= Dara (woreda) =

District in Southern Nations, Nationalities, and Peoples' Region, Ethiopia

Dara (Amharic: ዳራ) is one of the woredas in the Sidama Region of Ethiopia. Part of the Sidama Region, Dara is bordered on the south by the Gedeo Zone and on either side of it by the Oromia Region, on the northwest by Chuko, on the north by Aleta Wendo, and on the northeast by Hula. Towns in Dara include Kebado, Teferi Kela Abera and Machisho.

According to a 2004 report, Dara had 8 kilometers of asphalt road, 66 kilometers of all-weather roads and 16 kilometers of dry-weather roads, for an average road density of 369 kilometers per 1000 square kilometers.

== Demographics ==
Based on the 2007 Census conducted by the CSA, this woreda has a total population of 155,265, of whom 76,475 are men and 78,790 women; 10,660 or 6.87% of its population are urban dwellers.

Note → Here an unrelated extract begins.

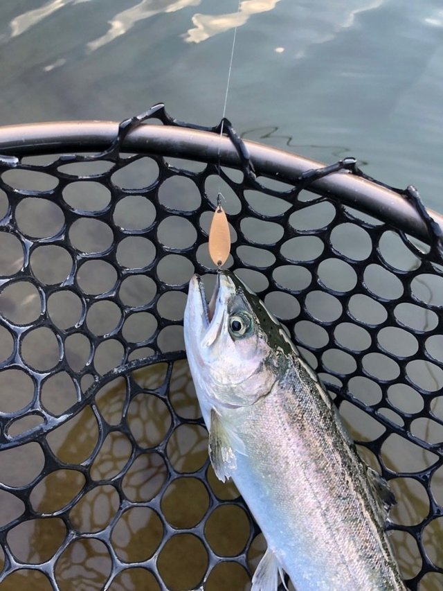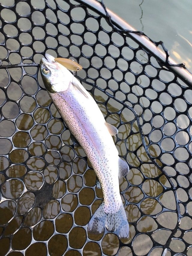 なので、表層~中層の釣りでやりました。スタートはミノーでサクラマス狙いで何匹か釣りその後はスプーンとクランクなどでポツポツ釣ることが出来ました、その後放流でしばし入れ食い状態を堪能してお昼タイムその後はクランク、ミノー、スプーンなど藻を避けながらポツポツ釣ることが出来ました。

The majority of the inhabitants were Protestants, with 85.54% of the population reporting that belief, 7.04% practiced Ethiopian Orthodox Christianity, 2.55% were Muslim, 2.36% observed traditional religions, and 1.43% were Catholic.

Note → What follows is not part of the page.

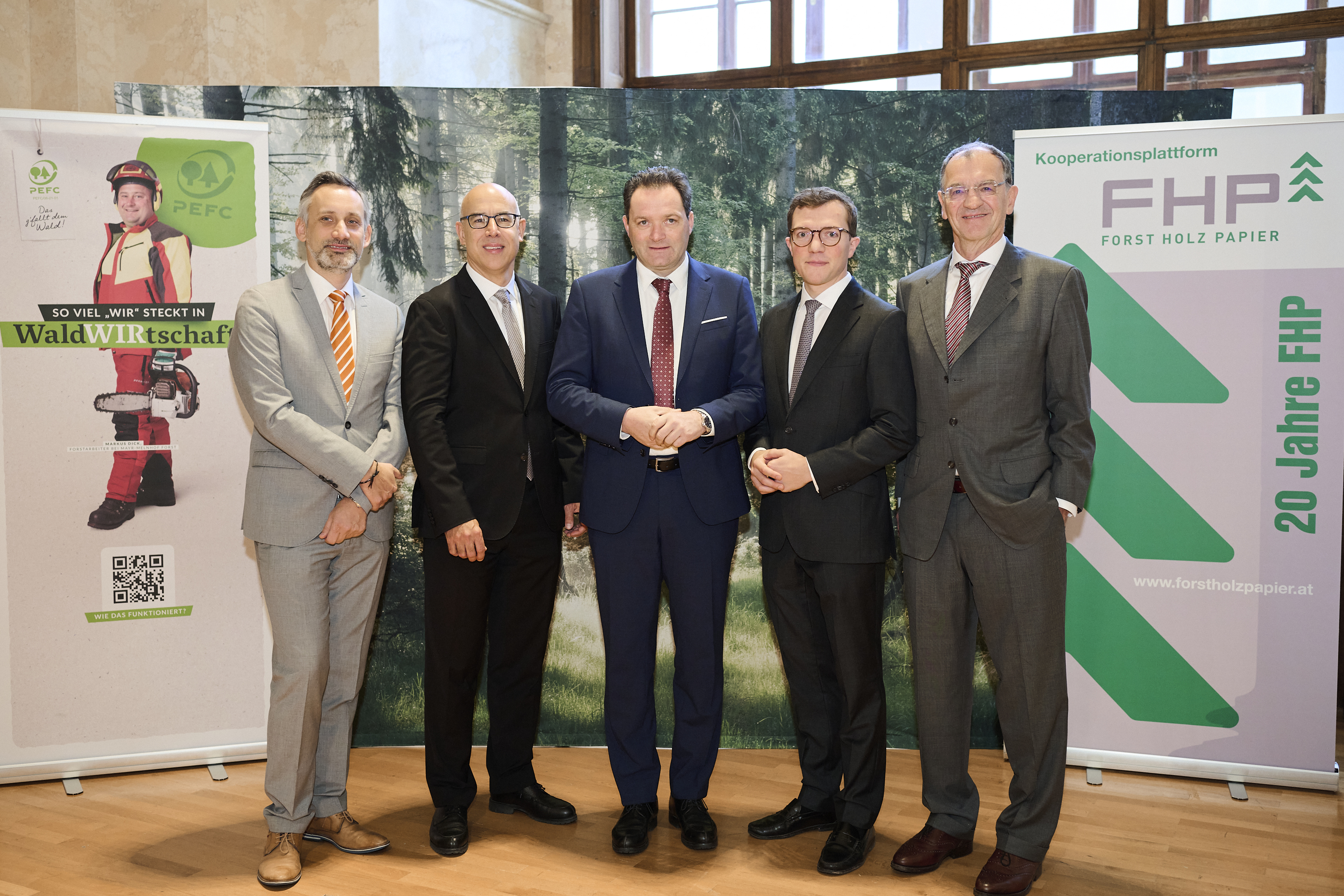 Die Kooperationsplattform Forst Holz Papier (FHP) ist ein europaweit einmaliger Zusammenschluss aller mit dem Roh-, Wert- und Werkstoff Holz tätigen Branchen – von der Urproduktion über die Weiterverarbeitung in der Säge-, Platten- und Papierindustrie bis zum Holzbau und Holzhandel. Rund 300.000 Menschen beziehen in über 172.000 Betrieben in Österreich ihr Einkommen aus dem Werkstoff Holz. Die jährliche Bruttowertschöpfung der gesamten Wertschöpfungskette beträgt rund 27,7 Milliarden Euro und macht die Holzbranche zu einem stabilen und verlässlichen Pfeiler der österreichischen Volkswirtschaft.

In the 1994 Census this woreda had a population of 105,196, of whom 52,043 were men and 53,153 women; 5,130 or 4.88% of its population were urban dwellers. The four largest ethnic groups reported in Dara were the Sidama (89.68%), the Amhara (5.28%), the Silte (1.62%), and the Oromo (1.37%); all other ethnic groups made up 2.05% of the population. Sidamo is spoken as a first language by 92.54% of the inhabitants, and 5.42% speak Amharic; the remaining 2.04% spoke all other primary languages reported. 64.4% of the population said they were Protestants, 15.82% observed traditional religions, 11.85% practiced Ethiopian Orthodox Christianity, 4.23% were Muslim, and 1.4% were Catholic. Concerning education, 27.91% of the population were considered literate; 9.76% of children aged 7–12 were in primary school; 1.82% of the children aged 13–14 were in junior secondary school; and 1.36% of the inhabitants aged 15–18 were in senior secondary school. Concerning sanitary conditions, about 62.94% of the urban houses and 20.04% of all houses had access to safe drinking water at the time of the census, while about 83.53% of the urban and 28.97% of the total had toilet facilities.